The publication of Les Fleurs du Mal disseminated the imagery of the graveyard, the aridity of atheism and the brutality of the cynic. Awarded the title "Prince of Carcasses", Baudelaire turned himself into this apparition - an easy task for one who is bored and perverse and desperate for attention. "The only feeling that convinces me that I am still alive is a vague desire for celebrity, vengeance and money," he wrote in 1863. As self-styled provocateur, he showed Monsieur Roqueplan a book that he claimed was made from human skin and asked Monsieur Banville if he would care to share a bath with him.

"Don't you see anything of out the ordinary in me?" the poet asked Maxime du Camp, founder of the Revue de Paris. "No I don't," said du Camp. "But I have green hair and that's not very common." "Everyone's hair is more or less green," du Camp replied airily. "Now if yours were sky blue, that might surprise me..."

For Baudelaire, there were many companions but few friends; some nostalgia but little affection; and, like most poets, he purveyed notions about the transcendence of love that were the products of an intellectual confidence trick rather than real domestic experience. His Norman Bates-style relationship with his mother was distinguished by insults and begging letters. Women foolish enough to befriend him usually suffered for their stupidity. In letters, Baudelaire claimed to love Jeanne Duval, his mistress of 14 years, but he seemed unable to resist taking her money and beating her up.

Madame Sabatier made the mistake of thinking that the "love" poems dedicated to her reflected the panache of real desire. "I'm the happiest of all women," she wrote to him. "I have never felt more clearly that I love you." The Muse did not understand that her role was to be a silent objet, a fetish to inspire the outpourings of a manipulative obsessive. Her detachment is essential if solipsism, misogyny and hard-earned masochism are to be re-affirmed. Baudelaire, rude but honest, snapped back: "A few days ago, you were a deity, which is so convenient, so fine and so inviolable. Now you're a woman."

Teenagers will always revere delinquency; first-year English students will always be entertained by dissolution. The common delusion that is Baudelaire's legend is thus sustained by that dwindling market known as adolescence. In the mid-Seventies, he joined Reich, Nietzsche and Sartre in the pantheon of idols deployed by young writers optimistically attempting to imbue pop music with philosophical depth. Seen as a cool nihilist and seminal anti-hero, he was invoked in articles about Joy Division as a sure sign that the spotty NME reviewer was a Thinker. The same mood turned Tom Miller into Tom Verlaine and allowed Patti Smith to quote Rimbaud.

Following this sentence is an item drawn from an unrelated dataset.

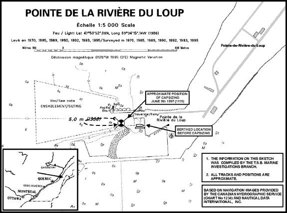 Un mécanicien effectue des réparations au moteur hors-bord de bâbord pendant que le « MARSOUIN » est amarré tribord à quai à un ponton de la marina de Rivière-du-Loup. De temps à autre, la plume de certaines vagues passe par-dessus le tableau, et une pompe de cale électrique placée à l'extrémité arrière du coffre se met en marche par intermittence pour évacuer l'eau ainsi embarquée. Le ponton se trouve dans l'axe de l'entrée de la marina, de sorte que l'arrière du navire est exposé aux lames et aux vents dominants. Le jour de l'accident avant le départ, les vents soufflent généralement du nord-ouest à 10 à 15 noeuds, provoquant la formation de lames qui moutonnent légèrement dans les eaux exposées du Saint-Laurent à l'extérieur de la marina. Dans les zones de plus faible profondeur, près de l'entrée de la marina, la mer est plus courte et plus raide; les lames, d'une hauteur estimée à un mètre environ, s'engouffrent directement dans l'entrée de la marina.

Once, there was music; now Queen Latifah is "an organic cultural intellectual". Once there was dancing; now professors of musicology quote Plato's Laws in articles about Public Enemy.

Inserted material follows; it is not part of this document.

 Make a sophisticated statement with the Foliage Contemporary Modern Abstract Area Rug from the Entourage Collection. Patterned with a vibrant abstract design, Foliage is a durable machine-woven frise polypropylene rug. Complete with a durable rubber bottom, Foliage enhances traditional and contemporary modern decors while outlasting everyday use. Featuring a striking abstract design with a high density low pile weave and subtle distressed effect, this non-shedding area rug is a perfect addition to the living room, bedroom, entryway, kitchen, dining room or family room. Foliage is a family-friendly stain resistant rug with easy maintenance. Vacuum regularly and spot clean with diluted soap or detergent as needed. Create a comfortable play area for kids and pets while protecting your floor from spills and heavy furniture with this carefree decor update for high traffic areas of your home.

Mediocre myth-makers and silly pseuds fail to perceive that, while Baudelaire's poems may stand as works of distinction, the life of the man stands as a poor sort of black joke. Contagious credulity has long perpetuated a romantic view of degeneracy and helped to support the defective idea that artists must be semi-insane social misfits in order to be visionary. Talent can undoubtedly be a burden, but should it be an excuse? Should a "gift" be a licence to indulge in cruelty and cowardice? Ask Harriet. Destroyed by cold rejection, Shelley's first "love" flung herself into the Serpentine. Ask Allegra. Byron's five-year-old daughter died of neglect after being abandoned in an Italian convent.

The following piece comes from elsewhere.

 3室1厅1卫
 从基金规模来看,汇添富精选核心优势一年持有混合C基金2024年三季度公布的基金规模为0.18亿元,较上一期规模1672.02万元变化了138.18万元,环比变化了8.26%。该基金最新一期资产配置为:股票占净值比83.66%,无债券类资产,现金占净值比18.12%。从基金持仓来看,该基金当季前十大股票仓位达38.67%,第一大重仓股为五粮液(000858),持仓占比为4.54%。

The detractor cannot fail to be irritated by the observation that Baudelaire, as his own critic, was aware of much of the above - in his novella, La Fanfarlo, Madame de Cosmelly berates Samuel Cramer (a caricature of the poet) for his awfulness. "It would seem to me to be more natural to be celebrating the health and joys of decent people rather than damning everything in sight," she says. Cramer replies that he and his ilk have been led into falsehoods by a hatred of everybody, including themselves. It is because they despair of ever being noble or worth a second look that they have painted such strange masks on their faces. "We cannot possibly speak the same language as other men," he declares, with merciless complacency.